A modern AI training chip can cost more than a car, and a single facility now packs hundreds of thousands of them to train one model. Yet on a cluster that large, those chips spend a surprising share of their time doing nothing — sitting idle, waiting on the network that connects them. "The most expensive idle asset in the world right now," as one networking firm put it, "is a GPU waiting on the network."
That inversion — the recognition that in large-scale AI training the bottleneck is the network, not the chip — is quietly redrawing the AI build-out. It has turned switches, cables and optics into one of the most contested layers of the boom, and it explains an acquisition that, years later, looks like one of the shrewdest in technology.
Why the chips wait
Training a large model means copying it across thousands of chips, each working on a slice of the data. After every step the chips must stop and exchange what they have learned — an operation engineers call an all-reduce — and none can begin the next step until all of them have finished. The whole cluster therefore moves at the speed of its slowest link: one late packet stalls tens of thousands of chips at once. On an unoptimized network, GPUs can sit idle 30% or more of the time; well-built infrastructure pulls that below 15%. The hard part of AI infrastructure is not buying a fast chip — it is wiring thousands of them together so the fast chips never have to wait.
The network becomes the computer
The stakes scale with the clusters, which have grown at a staggering pace. xAI's Colossus supercomputer in Memphis reached 100,000 GPUs in 122 days and doubled to 200,000 in 92 more. By January 2026 it had expanded to roughly 555,000 GPUs drawing about 2 gigawatts — as much power as a mid-sized city — at an estimated $18 billion, with a stated roadmap toward a million. At that size, connect it badly and an $18 billion machine performs like a far smaller one. The wiring between the chips has become the computer.
The company that bought the wire
The clearest bet on this future was placed years before the boom. In 2019, when Nvidia (NASDAQ: NVDA) was still seen mainly as a graphics-chip company, it agreed to buy Mellanox for about $6.9 billion. Mellanox made not the marquee processors but InfiniBand, the premium networking that stitches supercomputers together.

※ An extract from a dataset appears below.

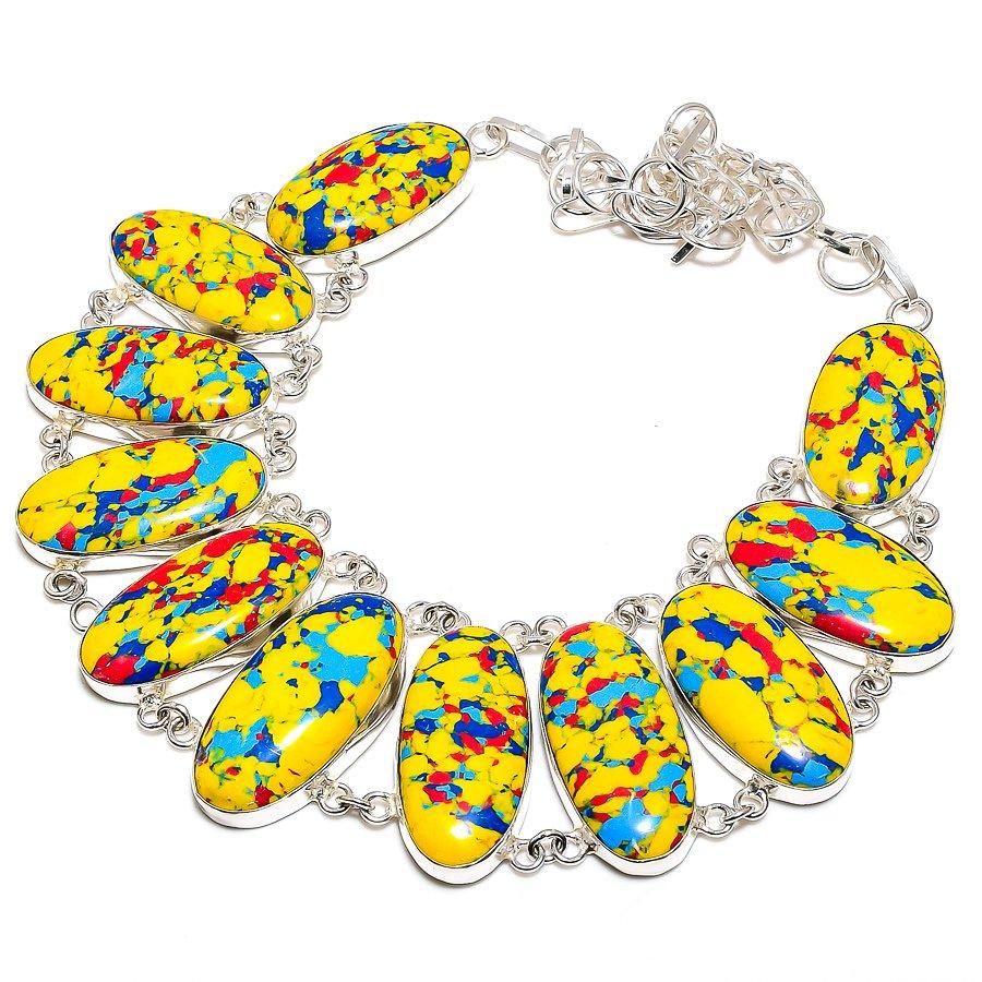 Mosaic Jasper Gemstone Handmade 925 Sterling Silver Jewelry Necklace 18" SU-9756
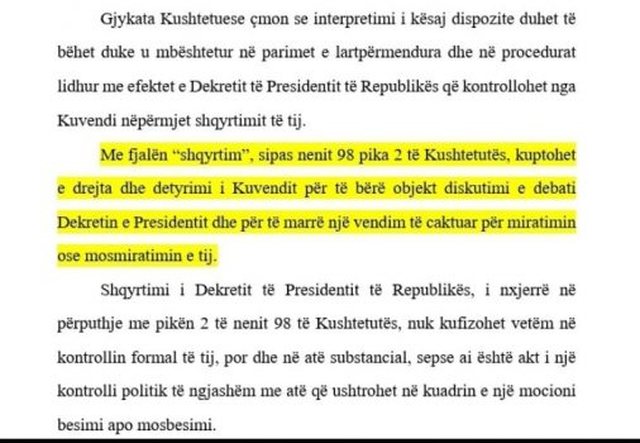 Me vendimin nr. 6, datë 18.01.2002, Gjykata Kushtetuese — autoriteti i vetëm kompetent për interpretimin e Kushtetutës — ka sanksionuar se Kuvendi ka të drejtën dhe detyrimin t’ia nënshtrojë debatit parlamentar dekretet e Presidentit për emërim/shkarkim ministrash (foto). Edi Rama dhe vartësit e tij, në shkelje të nenit 98, pika 2 të Kushtetutës dhe nenit 110, pika 4 të Rregullores së Kuvendit, vendosën sot të mos lejojnë zhvillimin e debatit, për t’iu shmangur përgjegjësisë dhe llogaridhënies. Shteti i së drejtës dhe demokracia në pikëpyetje!

The deal underwhelmed Wall Street at the time; it proved prescient. When AI demand arrived, Nvidia sold not only the chips but the network that connects them, the switches on top, and the optics in between. In its fiscal fourth quarter of 2026 the company reported record networking revenue of $11.0 billion, up 263% from a year earlier — a graphics company that had quietly become one of the largest networking players on earth, encroaching on the turf of Cisco (NASDAQ: CSCO).
Ethernet won the argument
When one company owns a critical layer, the rest of the industry writes an open standard to break the lock-in. In 2023, a group including AMD (NASDAQ: AMD), Arista (NYSE: ANET), Broadcom (NASDAQ: AVGO), Cisco, Intel (NASDAQ: INTC), Meta, Microsoft, HPE and Eviden formed the Ultra Ethernet Consortium, and in June 2025 it published a 560-page 1.0 specification to give open Ethernet the capabilities that were once InfiniBand's alone. But the argument was already settling in Ethernet's favor — and Nvidia had seen it coming. It built its own Ethernet product, Spectrum-X, and the largest AI cluster on the planet, Colossus, runs on that Ethernet rather than Nvidia's premium InfiniBand, delivering about 95% of the network's throughput against roughly 60% for traditional Ethernet. The contest is no longer open Ethernet versus Nvidia; it is whose Ethernet wins. (InfiniBand is not dead — it still leads classic supercomputing — but share is shifting.)
The copper wall
Beneath the corporate contest is a physics problem. Inside a rack, chips talk over short, thick copper links at enormous speed — Nvidia's newest rack design moves data between GPUs at 3.6 terabytes per second. Across the building, a single Broadcom switch chip now moves 102.4 terabits per second, double any before it. At those speeds copper stops cooperating: an electrical signal degrades over distance, and the industry is being pushed from electrons to photons — from copper to glass. Nvidia stuck with copper in its latest rack only because switching to optics would have added roughly 20,000 watts of power per rack; it is now moving toward optical connections as copper runs out. When a company starts talking about "co-packaged optics," that is the tell that it is hitting this wall — and building for real scale.
The least speculative layer
There are reasons for caution about the wider AI build-out: much of it is financed in a circle, with chipmakers investing in the startups that buy their chips, and AI spending far outrunning AI revenue — a pattern that has fueled bubble warnings. But the networking layer is arguably the least speculative part of the stack. Whether the winner is one giant model or a thousand small ones, every one of them has to move data between chips. The companies that make that possible — beyond Nvidia and Broadcom, names such as Arista, Marvell (NASDAQ: MRVL), Astera Labs (NASDAQ: ALAB), Credo (NASDAQ: CRDO) and optics makers like Coherent (NYSE: COHR) — sit quietly inside every gigawatt that gets built. The AI story looks like it is about chips. It is really about the wire between them.